Heterogeneous Photocatalytic degradation of Nevirapine in wastewater using the UV/TiO2/H2O2 process

Abstract This work sought to study the elimination of NVP from simulated wastewater using the UV/TiO2/H2O2 system. The main objectives were to evaluate the influence of operating parameters, reaction kinetics, contributing reactive species, degradation pathway, and catalyst reusability. The research surface methodology (RSM) was utilized for optimizing process variables and for statistical analysis. Five process variables (pH, NVP concentration, TiO2 dosage, H2O2 concentration, and irradiation time) were optimized with the responses set as NVP and Total organic carbon (TOC) removals (%), respectively. 89.23% (NVP) and 85.71% (TOC) removals were achieved under optimum conditions.
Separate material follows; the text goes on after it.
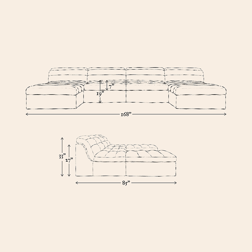 Our furniture is hand-made and in many cases quite soft so keep in mind dimensions may vary by an inch or two. Prefer a custom size? Contact us.

All the experimental factors were significant for NVP removal. pH was the most dominant factor, with the highest removals obtained under acidic conditions (pH 3). NVP removal conformed to the pseudo-first-order model with a rate constant (k1) of 0.03676 min-1. Increasing pH reduced the rate constant by 75.38%, while there was an increase of 43.55% with H2O2. NVP degradation was largely driven by the •OH and h+VB. The photocatalyst demonstrated good stability against NVP loss over four cycles. Although the UV/TiO2/H2O2 process has shown promising results in the removal of pharmaceuticals and dyes in wastewater, its application for the degradation of ARVs remains limited. As far as the authors know, the UV/TiO2/H2O2 process and RSM have not yet been reported for the degradation and optimization of NVP in wastewater, respectively. The findings of this work illustrate that the UV/TiO2/H2O2 system, applied with RSM can effectively degrade and mineralize NVP in wastewater.